BRISBANE, Australia (AP) -- Serena Williams proved the break between seasons hasn't hurt her momentum in any way, capturing her 47th career title with a 6-2, 6-1 victory over Anastasia Pavlyuchenkova on Saturday in the Brisbane International final.
Williams has won 35 of her past 36 matches, including titles at Wimbledon, the Olympics, the U.S. Open, the season-ending WTA championships and now the first event of 2013.
The 15-time Grand Slam champion already has won the Australian Open five times, and with the season's first major a little more than a week away, she's in good shape to add another.
In a tournament featuring eight of the top 10 female players, not one women's match in Brisbane featured seeded players facing each other due to a series of injuries and upsets.
Williams missed a chance to extend her 11-1 winning record against top-ranked Victoria Azarenka when the 23-year-old Belarusian withdrew a half hour before their scheduled semifinal Friday night due to an infected toe on her right foot. Azarenka was more concerned about being ready for the Australian Open.
The night off obviously didn't bother Williams, who dominated the final after breaking No. 36-ranked Pavlyuchenkova in the sixth game.
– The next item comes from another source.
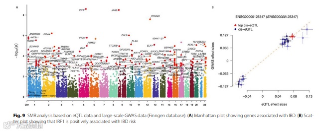 该图展示了基于eQTL数据和大规模GWAS数据的SMR分析结果。曼哈顿图显示了与IBD相关的基因;散点图表明IRF1与IBD风险呈显著正相关,证实了IRF1与IBD风险的因果关联。

She went on a roll, conceding only three points in the last three games of the first set during a seven-game run until Pavlyuchenkova finally held serve in the fourth game of the second set.
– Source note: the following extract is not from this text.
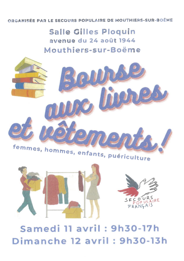 Secours populaire Bourse aux livres et aux vêtements 4 avril 2026 Murielle Lafond Les 11 et 12 Avril 2026 à la salle Gilles Ploquin

The match was all over in 50 minutes, with Williams firing nine aces and hitting 24 winners compared with only one ace and nine winners for her rival.
"I always feel like I don't know how to play tennis when I play against you," Pavlyuchenkova told Williams at the trophy presentation.
The pair had traveled together on a training trip to Mauritius in the offseason but didn't really hit against each other at the time.
Accustomed to victory as she is, Williams started as usual by thanking sponsors, organizers and the fans before beginning to thank her father, Richard.
"This is getting so routine, I'm saying 'My dad' and he's not even here!" Williams said, slapping her forehead as she laughed, before finishing off her list of people to thank.
The 31-year-old can regain the No. 1 ranking if she wins the Australian Open later this month. If she does, she'll be the oldest woman to hold the top spot on the women's tour. Chris Evert set the mark in November 1985, aged 30 years, 11 months and three days.
In the men's draw, defending champion Andy Murray advanced to the final when fifth-seeded Kei Nishikori retired with an injured left knee while trailing 6-4, 2-0 in their semifinal earlier Saturday.
The Olympic and U.S. Open champion will next meet 21-year-old Grigor Dimitrov, who is starting to live up to his billing as a star-in-the-making by reaching his first ATP Tour final with a 6-3, 5-7, 7-6 (5) victory over Marcos Baghdatis.